Катчинский внимательно всмотрелся в лицо Гельма.
— Нет, не помню.
— Конечно, это было давно. Трудно запомнить. Меня зовут Гельм. Фридрих Гельм. Я был тогда двадцатилетним мальчишкой. В заводском оркестре я играл на трубе. Дома вечерами репетировал мендельсоновский «Свадебный марш». Представляю, как вас раздражала моя музыка! Вы даже как-то велели Иоганну передать мне, чтобы я пощадил уши соседей. А если мне так уж хочется потрясать своим ревом воздух, то вы советовали отправиться в зоологический сад, где ослам и обезьянам моя музыка доставит удовольствие.
— Вы помните — значит сердитесь на меня за это? — улыбнулся Катчинский.
— Нет. Ведь это было давно. А теперь, видите, я не тот.
— И я тоже, Фридрих.
— Нас, маэстро Катчинский, теперь сроднило общее несчастье, которое принесла война.
— Да, мы с вами родственники. Вы, надеюсь, идете не в кирху?
— Нам там нечего делать, маэстро. Мы идем на массовку, которую устраивает Зепп Люстгофф. Я рассказывал ему о вас. Он просил передать вам привет. Он хорошо знал вас по довоенному времени. И писал о вас в газете.
— Зепп Люстгофф? Он музыкальный критик?
— Нет, маэстро, он старый агитатор. В статье он высказывал сожаление, что вашу музыку не слышит пролетариат. И звал вас в Флоридсдорф.

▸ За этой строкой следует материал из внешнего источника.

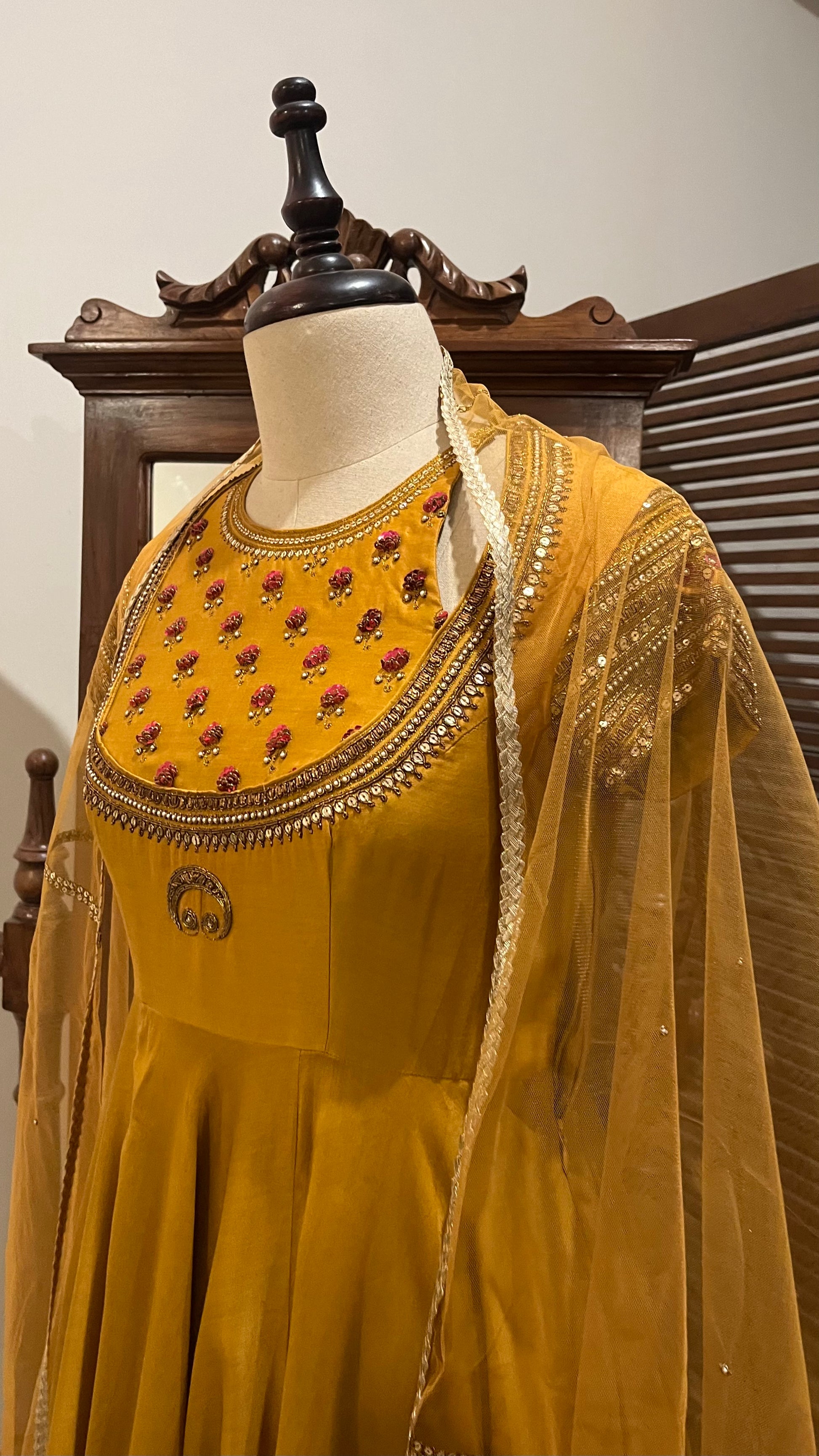 MUSTARD ANARKALI DUPATTA AND CHURIDAAR SET

— Теперь я догадываюсь, кто такой Зепп Люстгофф. Передайте ему привет. Скажите, я сожалею, что не выполнил тогда его пожелания. А теперь я не музыкант.
— У вас есть имя, маэстро. Его помнят многие.
— Ну и что же? Ничто в мире не изменилось. Солнце светит попрежнему ярко. На земле апрель, а за ним наступит веселый месяц май. Люди живут, любят, страдают, но все это так далеко от моей коляски! Я остался один. Что до меня людям?
— Всех, кто знал вас, кто слышал вашу игру, должно потрясти то, что произошло с вами.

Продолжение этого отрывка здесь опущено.